MES DISQUES A EMPORTER SUR UNE ILE DÉSERTE: Chronique n°34
Sorti en 1987, Mother Juno est le 5ème album studio de Gun Club. Si les albums Fire of Love (1981), Miami (1982) et The Last Vegas Story (1984) sont dès leurs sorties des albums majeurs auprès des fans du groupe, Mother Juno est resté un album sous-estimé. Déjà au poste de producteur, il y a Robin Guthrie, alors compositeur et guitariste du groupe new cold wave Cocteau Twins, ce qui a de quoi perturber le fan de blues garage vaudou, mais pas Jeffrey Lee Pearce qui l’admire. Dans Cocteau Twins, le son de guitare de Robin Guthrie est cristallin, cotonneux et mélancolique. Si dans Gun Club il peut y avoir de la mélancolie, de la tristesse, les ambiances cotonneuses s’arrêtent aux champs de coton de la Louisiane pour le parfum americana. Ainsi pas étonnant de trouver dans le son de l’album Mother Juno un peu de new wave (certes discret), mais étonnant de la part de Guthrie, beaucoup, oui beaucoup de rock qui sent le soufre.

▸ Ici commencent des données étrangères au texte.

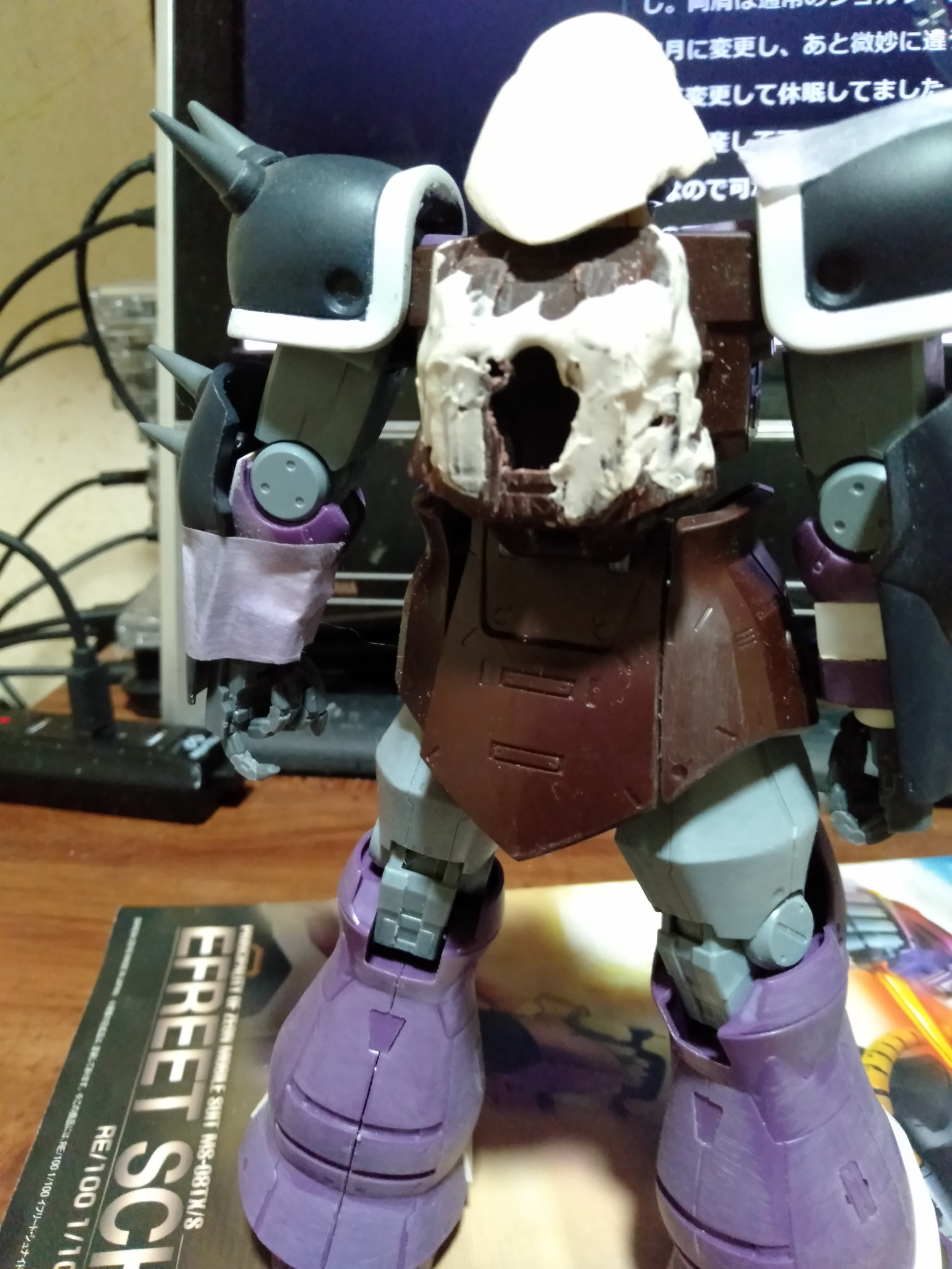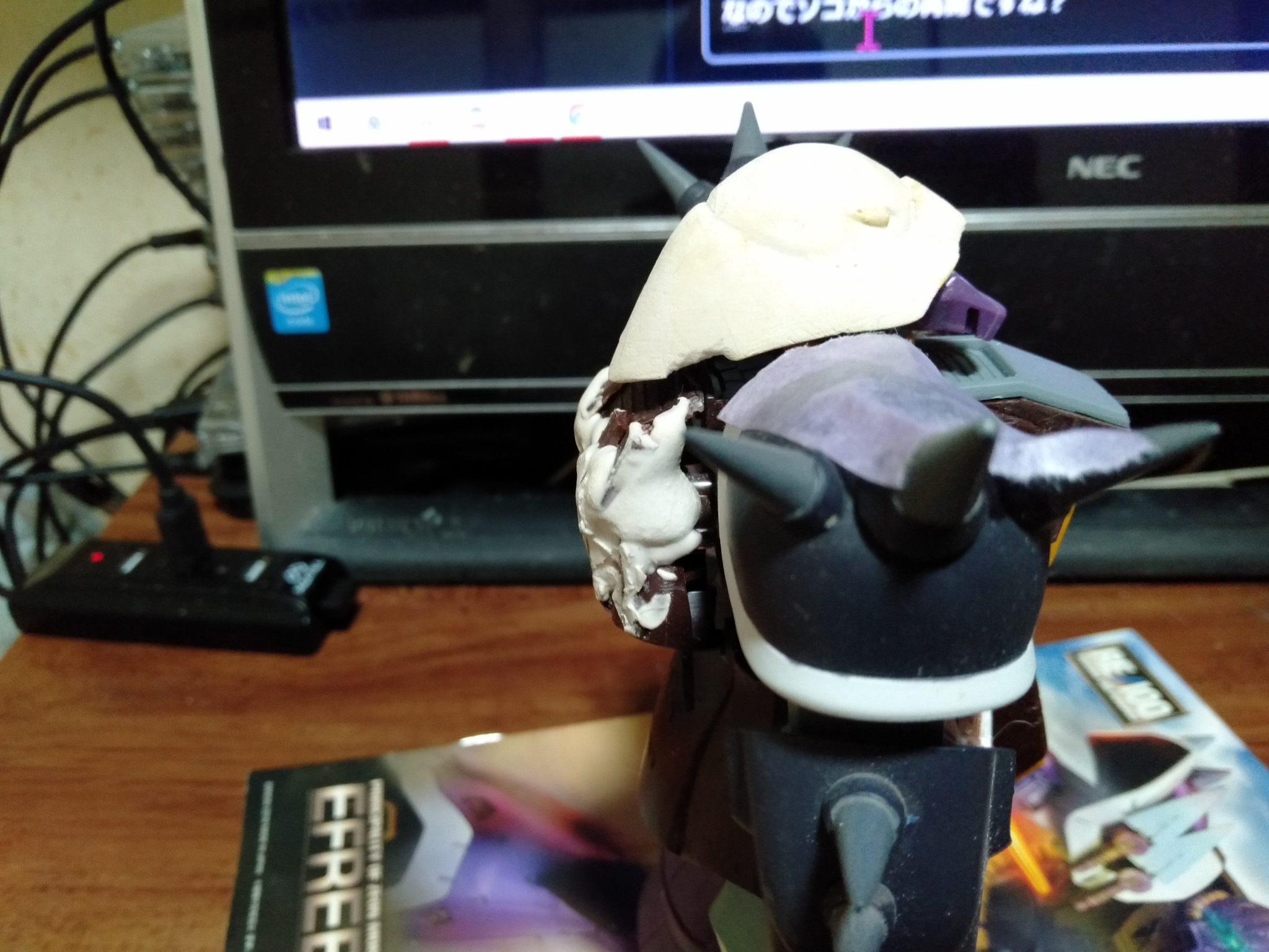数年前に途中で止めてた、イフリートへの改造を再開します。頭部のカバーから創り替えています、キットの頭部は”大河原デザイン”では無く、残念な”NAOKI”のクソアレンジなので、気に入らないし。両肩は通常のショルダーカバーへ変更、ハンドカバーもスパイク月に変更し、あと微妙に違うフロントスカートも形状をプラバンにて変更して休眠してました。理由はキットの頭部カバーを型取りして量産してて、数個製作して飽きてました(笑)。なので続きからなので可なり開始は楽ですが、まだランドセルの形状を変更途中なのでソコからの再開ですね?
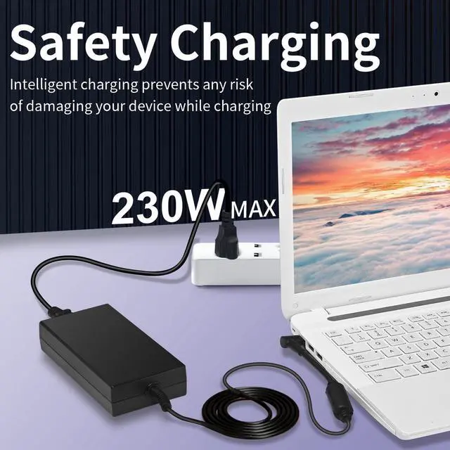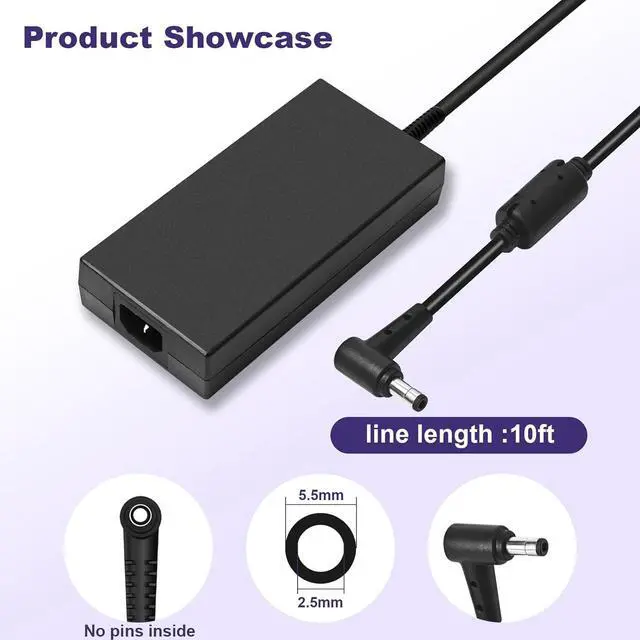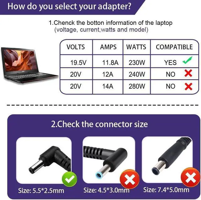 Product Specifications PAEBAI+ 230W Laptop Charger Input: 100-240V 50-60Hz; Output: 19.5V 11.8A 230W (19.5V 9.23A also compatible); Connector Size: 5.5*2.5mm tip.

Pour ma part, fan du groupe depuis Fire of Love, Mother Juno acheté à Morlaix à sa sortie, a trouvé dès la première écoute, ma haute considération. Déjà, étant fan de Cocteau Twins, voir ici un lien avec le Gun Club était pour moi la meilleur et improbable association, histoire de toujours évoluer et surprendre, ne pas reproduire le même album. Cet album est solaire et rock, puissamment rock et permet de montrer un Jeffrey Lee Pierce moins sombre, presque heureux d’envoyer des décibels et de chanter haut et fort. La formation 1987, permet aussi d’avoir toujours la présence de Kid Congo, qui vient de rejoindre Nick Cave & The Bad Seeds, dont sa première collaboration accouchera d’un album de légende, Tender Prey (1988). Dans les Bad Seeds, il y a aussi Blixa Bargeld, qui fait une apparition sur Mother Juno, il joue de la guitare sur le morceau Yellow Eyes. Au côté de Pierce et Congo, il y a la nouvelle recrue, la bassiste japonaise Romi Mori, et à la batterie l’ex Clock DVA, Nick Sandersan. Kid Congo vivant à Berlin, fief des Bad Seeds et de Neubauten, Mother Juno sera enregistré dans la capitale allemande dans les studios Hansa. A oui, petit aparté, Mother Juno est l’album d’une nouvelle chance, car après l’échec de The Last Vegas Story (il faudra la patine du temps pour qu’il devienne également une référence), Jeffrey Lee Pearce met Gun Club en standby, pour composer le magnifique album Wildweed (1985) avec sa pochette devenue iconique (photo ambiance western crépusculaire où l’on voit Pierce regarder dans le vide, une carabine sur l’épaule).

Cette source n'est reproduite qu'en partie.